The record does not show when they were received by defendant in Des Moines at its home office. The proof of loss, sworn to by the beneficiary, plaintiff's intestate, stated that the accident happened at 4:45 p.m. and that insured died at 6 p.m. and that he was in "fair" health at time of injury.

In answer to the question: "State fully cause of any disability experienced by member during last two years," the reply was: "See Doctors statement Paragraph No. 11." This paragraph 11, in answer to the question: "State contributory causes of death, if any, in order of importance," answered: "Has had previous attacks of angina, indicating coronary disease."

The proof of loss twice states that there were no visible bodily injuries but there was "extreme shock" and that the physician was called immediately after the injury. To the inquiry for name and address "of all physicians who attended member after member received injury which caused his death" the proof answered:

"Dr. W.A. Mendenhall, Chamblee, Ga." (the doctor who made the "Attending Physician's Statement").

The physician's statement, in addition to the statement at paragraph 11 above quoted gave the following:

"7. State in full cause of death of deceased. Coronary thrombosis. Shock from auto accident about 1 hr. before death. * * * *Page 231

"10. Did the injury of itself independent of all other causes produce death of deceased? It is felt that the accident and subsequent nervous shock initiated the fatal coronary attack. * * *

"13. Did deceased have any * * * physical impairment? See 11 above.

"14. Did the condition described in 13 contribute to death? Yes."

I have set these matters out, not as bearing on the question of the cause of death, but to show what information and claim was made by the beneficiary to defendant association as bearing on its good faith in the transaction.

In spite of the innuendo and hints to the contrary in the majority opinion, there is no slightest evidence that defendant had anything to do with the selection of, or any connection with, Dr. Mendenhall; or had anything to do with the making of the proof of loss. I think it likely the beneficiary relied on the physician whom she presumably called and who says he had known Mr. Flowers one year.
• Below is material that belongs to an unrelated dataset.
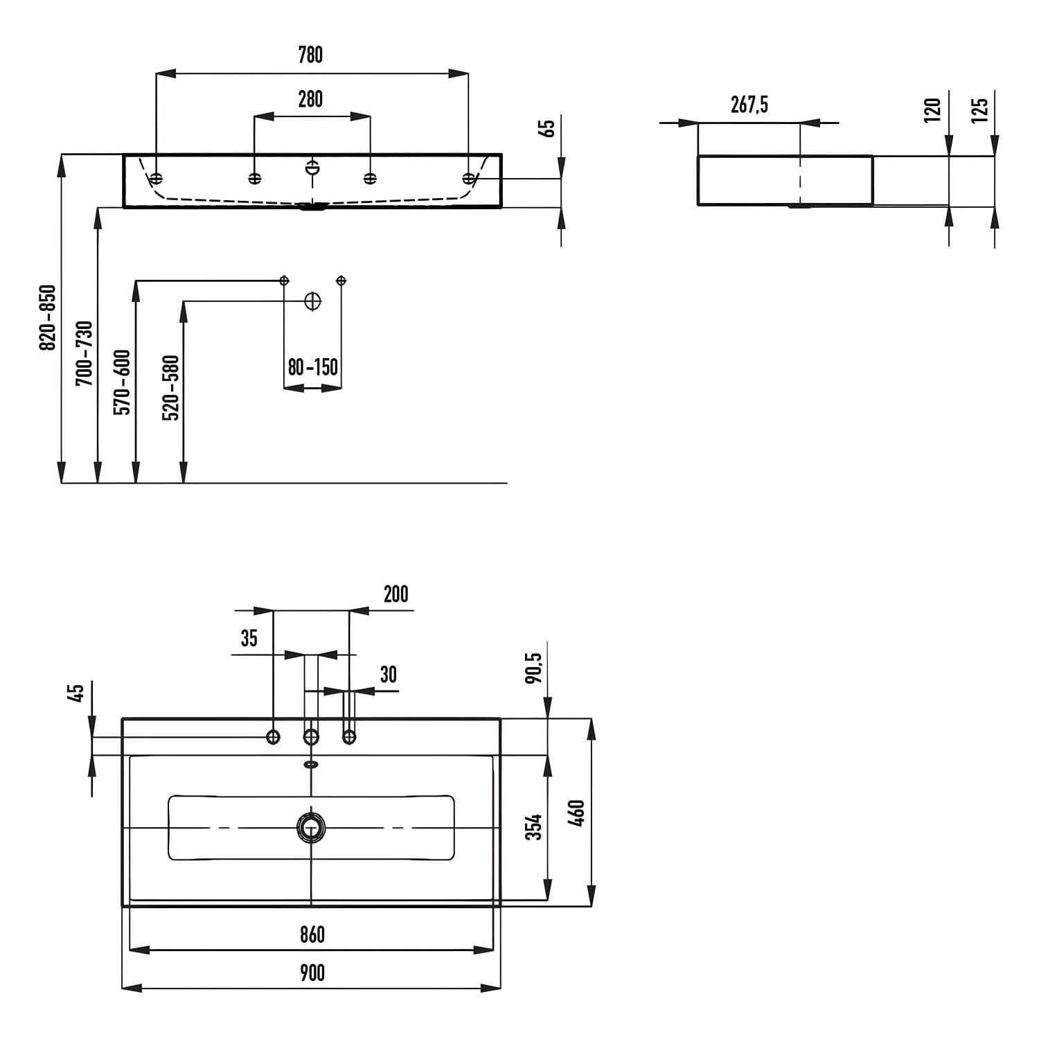 Kaldewei PURO Wandwaschtisch 3165 mit 3 Hahnlochbohrungen, 90 cm

Nor was there any sound reason for defendant to doubt the doctor's conclusion as to the real cause of death. The fine spun theories later advanced by the expert Des Moines witness for plaintiff at the trial were not in the picture when defendant's Manager of Claim Department wrote the letter of July 27, 1945, set out in full in the majority opinion, enclosing the check which the beneficiary cashed, and the proposed release which she did not sign.

The letter is straightforward and clear. It honestly gave beneficiary the benefit of what seemed to be the real situation. It is incredible that its recipient was misled. It conformed exactly to her own and the physician's and the disinterested neighbor's belief that while the accident caused the death, it was contributed to by the heart condition reported in the proof. It does mention "our own investigation" and there is nothing to show what that investigation revealed. But it cannot be assumed that plaintiff's attorneys failed to produce and show whatever evidence there was to discover by such investigation. Certainly that evidence would not have justified a tender of *Page 232 the face of the policy by the claim manager. He had a duty to the association he represented.
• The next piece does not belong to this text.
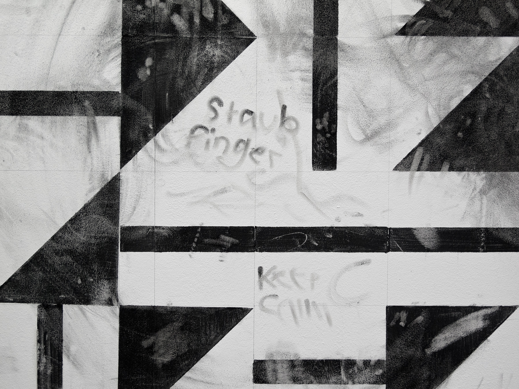 The installation for die raum cuts the space diagonally in half, transforming it into a three-dimensional rendering of one of Bulcão’s tile designs, which is also represented in the form of a charcoal wall painting. The use of charcoal references the initial outlining process of handmade Portuguese “Azulejo” tiles, but the ephemeral character of this medium also points to the passing of time, and the fragile state of ideologies and “faded” value systems.

There is no evidence of any kind to justify a speculation that Mrs. Flowers thought she was receiving a part payment of $500 on the full face of the policy. The suggestion that she may have thought so is slightly ridiculous, if I may be pardoned for saying so. No such interpretation could be placed on the letter and its enclosures. For aught that appears Mrs. Flowers was a person of ordinary intelligence and able to read the English language. We should assume she was honest and that when she accepted and cashed the check for $500 she had no secret intention of claiming more. What may have happened to change her intention later we have no way of knowing.
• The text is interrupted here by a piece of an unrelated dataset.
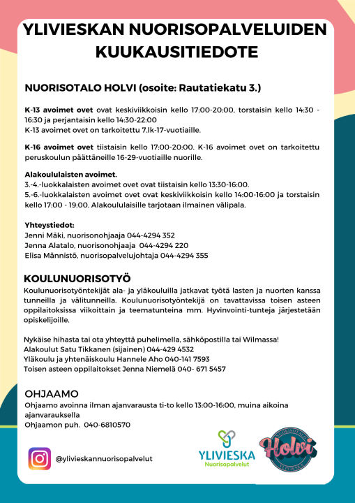 nuorisonohjaaja, Nuorisotalo Holvi, puh 044 4294352

The majority says the relationship between the beneficiary and the insurer is "closely akin to a fiduciary one, and where the insurer should be most meticulous and conscientiously scrupulous to protect the rights of the beneficiary and to give every opportunity to fully establish her rights. * * * It knew the strong probability that the accident caused Flowers' death."

No authority is cited for this new statement of the relationship between beneficiary and insurer. I have never before heard it announced. It is my understanding the parties were dealing at "arm's length." Defendant owed to the beneficiary the duty it would owe to any other person with whom it dealt — the duty to deal uprightly. This, I submit, the defendant did under this record, and it assumed Mrs. Flowers was doing the same. She and the physician were in a far better position than was defendant to know "how little [or how much] fact basis there was to the `attending' physician's answers." There is nothing here to impeach either his honesty or his ability.

Again it is said in the opinion: "It [defendant] should have given it [the $500] to her unconditionally, absolutely, and with no strings attached * * *." This seems to me to indicate an entirely distorted conception of the contract. It brings us to a discussion of the question of accord and satisfaction.

II. The contract here is a single, indivisible contract not similar to the familiar life policy with provision for double *Page 233 indemnity in case of death by accident. These latter policies are held to be in effect two contracts. Payment of the life insurance is not inconsistent with possible liability upon the accident feature. That is not the case here as I shall demonstrate.

The whole difficulty in application of the principle of accord and satisfaction is the matter of consideration. An accord, in legal contemplation, is a new contract, necessitating a meeting of the minds upon a new consideration. Immediately there arises the inquiry, was the original demand for a "liquidated" amount, that is, does the debtor owe a definite, determined sum, if he owes anything — does he owe all or none? In such a case, payment of a lesser amount cannot constitute a consideration for an accord unless there was an honest dispute as to whether anything was due. If there was, the accord might be supported by a consideration in that each party yields some part of his contention in order to settle the controversy.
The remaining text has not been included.